> **To do**
Scan the listing below for "parameters", then report every line that has it.

> **Supplied entries**
.....

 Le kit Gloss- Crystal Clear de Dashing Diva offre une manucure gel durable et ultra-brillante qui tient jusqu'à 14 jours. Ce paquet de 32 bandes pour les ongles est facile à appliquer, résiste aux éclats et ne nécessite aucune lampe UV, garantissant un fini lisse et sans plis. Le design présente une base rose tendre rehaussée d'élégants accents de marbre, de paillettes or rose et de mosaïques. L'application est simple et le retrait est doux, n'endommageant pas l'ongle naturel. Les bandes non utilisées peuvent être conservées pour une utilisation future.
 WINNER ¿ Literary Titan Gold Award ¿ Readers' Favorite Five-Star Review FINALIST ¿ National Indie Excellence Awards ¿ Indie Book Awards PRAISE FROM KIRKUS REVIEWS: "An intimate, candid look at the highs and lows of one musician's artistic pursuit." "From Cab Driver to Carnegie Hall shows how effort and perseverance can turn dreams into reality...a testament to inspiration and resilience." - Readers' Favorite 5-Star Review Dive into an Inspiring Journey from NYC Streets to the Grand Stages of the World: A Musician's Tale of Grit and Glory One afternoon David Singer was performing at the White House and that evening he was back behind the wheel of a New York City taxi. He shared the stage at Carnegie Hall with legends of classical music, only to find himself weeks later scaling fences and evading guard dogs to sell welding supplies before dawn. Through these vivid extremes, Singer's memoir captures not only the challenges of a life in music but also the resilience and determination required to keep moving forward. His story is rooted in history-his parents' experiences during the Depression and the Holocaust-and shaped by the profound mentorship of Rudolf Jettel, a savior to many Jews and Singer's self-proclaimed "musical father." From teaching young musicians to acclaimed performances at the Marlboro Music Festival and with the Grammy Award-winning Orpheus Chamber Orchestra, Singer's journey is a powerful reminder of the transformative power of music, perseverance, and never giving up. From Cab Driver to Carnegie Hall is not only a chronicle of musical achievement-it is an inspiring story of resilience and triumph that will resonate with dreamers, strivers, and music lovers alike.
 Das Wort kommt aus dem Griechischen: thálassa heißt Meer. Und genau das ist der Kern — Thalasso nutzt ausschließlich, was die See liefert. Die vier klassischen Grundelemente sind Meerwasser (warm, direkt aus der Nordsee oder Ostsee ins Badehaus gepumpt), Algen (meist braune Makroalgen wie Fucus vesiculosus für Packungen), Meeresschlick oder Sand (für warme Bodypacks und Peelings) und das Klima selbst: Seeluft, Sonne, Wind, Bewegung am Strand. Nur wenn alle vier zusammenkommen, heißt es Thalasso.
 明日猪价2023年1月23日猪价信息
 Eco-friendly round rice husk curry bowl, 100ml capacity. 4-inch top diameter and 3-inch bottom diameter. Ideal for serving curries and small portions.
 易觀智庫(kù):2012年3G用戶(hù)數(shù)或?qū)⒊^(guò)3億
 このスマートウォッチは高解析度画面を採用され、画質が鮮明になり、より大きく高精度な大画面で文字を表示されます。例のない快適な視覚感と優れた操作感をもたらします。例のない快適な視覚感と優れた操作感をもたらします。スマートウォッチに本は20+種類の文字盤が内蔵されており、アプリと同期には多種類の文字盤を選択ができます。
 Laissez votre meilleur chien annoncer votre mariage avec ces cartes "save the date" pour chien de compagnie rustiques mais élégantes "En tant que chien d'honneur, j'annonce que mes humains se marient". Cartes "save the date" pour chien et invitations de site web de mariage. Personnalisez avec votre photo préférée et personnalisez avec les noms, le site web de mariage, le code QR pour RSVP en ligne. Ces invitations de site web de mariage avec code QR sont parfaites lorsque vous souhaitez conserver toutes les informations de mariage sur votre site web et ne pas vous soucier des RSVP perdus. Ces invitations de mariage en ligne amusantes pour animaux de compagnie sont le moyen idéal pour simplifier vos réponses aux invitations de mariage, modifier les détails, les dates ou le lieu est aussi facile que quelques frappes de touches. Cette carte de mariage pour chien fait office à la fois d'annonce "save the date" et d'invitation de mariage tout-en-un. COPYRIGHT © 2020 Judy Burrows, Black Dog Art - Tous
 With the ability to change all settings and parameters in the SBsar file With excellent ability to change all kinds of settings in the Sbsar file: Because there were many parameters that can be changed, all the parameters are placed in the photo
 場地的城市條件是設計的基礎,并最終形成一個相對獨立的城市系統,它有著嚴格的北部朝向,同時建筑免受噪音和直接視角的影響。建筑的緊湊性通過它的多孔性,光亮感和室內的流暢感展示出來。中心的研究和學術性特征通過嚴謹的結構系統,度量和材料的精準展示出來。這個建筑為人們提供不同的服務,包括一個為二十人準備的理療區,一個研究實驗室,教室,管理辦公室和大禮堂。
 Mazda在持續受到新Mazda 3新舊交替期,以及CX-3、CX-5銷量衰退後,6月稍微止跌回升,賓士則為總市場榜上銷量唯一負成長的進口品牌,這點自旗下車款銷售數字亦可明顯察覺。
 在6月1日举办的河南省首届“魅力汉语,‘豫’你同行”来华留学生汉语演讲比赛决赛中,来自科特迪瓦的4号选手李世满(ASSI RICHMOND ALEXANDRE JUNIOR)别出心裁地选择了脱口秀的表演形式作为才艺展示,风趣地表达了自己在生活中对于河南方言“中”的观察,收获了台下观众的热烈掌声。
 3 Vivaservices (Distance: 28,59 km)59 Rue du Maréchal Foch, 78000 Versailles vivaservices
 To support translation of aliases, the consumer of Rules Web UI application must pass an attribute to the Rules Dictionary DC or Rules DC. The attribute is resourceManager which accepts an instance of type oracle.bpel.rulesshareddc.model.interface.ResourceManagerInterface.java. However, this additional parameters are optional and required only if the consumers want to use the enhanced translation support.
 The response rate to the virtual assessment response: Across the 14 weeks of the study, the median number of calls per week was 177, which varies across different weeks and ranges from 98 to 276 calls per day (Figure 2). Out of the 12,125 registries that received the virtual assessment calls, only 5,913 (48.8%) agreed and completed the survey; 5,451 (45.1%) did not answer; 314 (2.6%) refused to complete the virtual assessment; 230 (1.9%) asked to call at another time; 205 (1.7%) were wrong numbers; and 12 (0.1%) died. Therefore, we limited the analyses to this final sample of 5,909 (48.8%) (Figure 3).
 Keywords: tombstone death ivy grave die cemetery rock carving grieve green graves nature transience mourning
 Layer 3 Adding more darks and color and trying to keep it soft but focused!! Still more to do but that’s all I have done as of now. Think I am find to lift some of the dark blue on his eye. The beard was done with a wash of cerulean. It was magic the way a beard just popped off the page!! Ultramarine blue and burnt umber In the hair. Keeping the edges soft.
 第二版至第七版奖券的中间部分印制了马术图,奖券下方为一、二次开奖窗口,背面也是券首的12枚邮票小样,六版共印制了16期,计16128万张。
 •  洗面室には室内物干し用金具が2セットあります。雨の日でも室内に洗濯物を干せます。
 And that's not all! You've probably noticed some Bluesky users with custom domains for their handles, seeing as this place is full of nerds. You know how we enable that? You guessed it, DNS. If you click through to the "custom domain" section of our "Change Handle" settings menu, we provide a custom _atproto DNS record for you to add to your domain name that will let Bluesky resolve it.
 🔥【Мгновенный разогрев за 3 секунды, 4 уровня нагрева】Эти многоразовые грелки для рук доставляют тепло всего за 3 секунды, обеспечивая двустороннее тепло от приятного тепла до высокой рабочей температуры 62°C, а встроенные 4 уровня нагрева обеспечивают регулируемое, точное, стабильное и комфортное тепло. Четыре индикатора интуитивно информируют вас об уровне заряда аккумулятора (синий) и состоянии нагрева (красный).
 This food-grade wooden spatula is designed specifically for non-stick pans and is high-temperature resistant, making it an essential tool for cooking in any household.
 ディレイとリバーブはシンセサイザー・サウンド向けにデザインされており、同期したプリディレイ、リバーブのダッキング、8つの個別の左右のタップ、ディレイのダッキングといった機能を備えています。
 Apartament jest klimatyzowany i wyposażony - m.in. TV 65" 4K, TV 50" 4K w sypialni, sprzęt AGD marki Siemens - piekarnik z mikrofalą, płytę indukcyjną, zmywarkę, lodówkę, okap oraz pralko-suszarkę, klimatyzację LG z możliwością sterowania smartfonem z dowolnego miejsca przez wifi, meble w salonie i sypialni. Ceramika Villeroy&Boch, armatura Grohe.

.....

> **Response area**
 With the ability to change all settings and parameters in the SBsar file With excellent ability to change all kinds of settings in the Sbsar file: Because there were many parameters that can be changed, all the parameters are placed in the photo
 To support translation of aliases, the consumer of Rules Web UI application must pass an attribute to the Rules Dictionary DC or Rules DC. The attribute is resourceManager which accepts an instance of type oracle.bpel.rulesshareddc.model.interface.ResourceManagerInterface.java. However, this additional parameters are optional and required only if the consumers want to use the enhanced translation support.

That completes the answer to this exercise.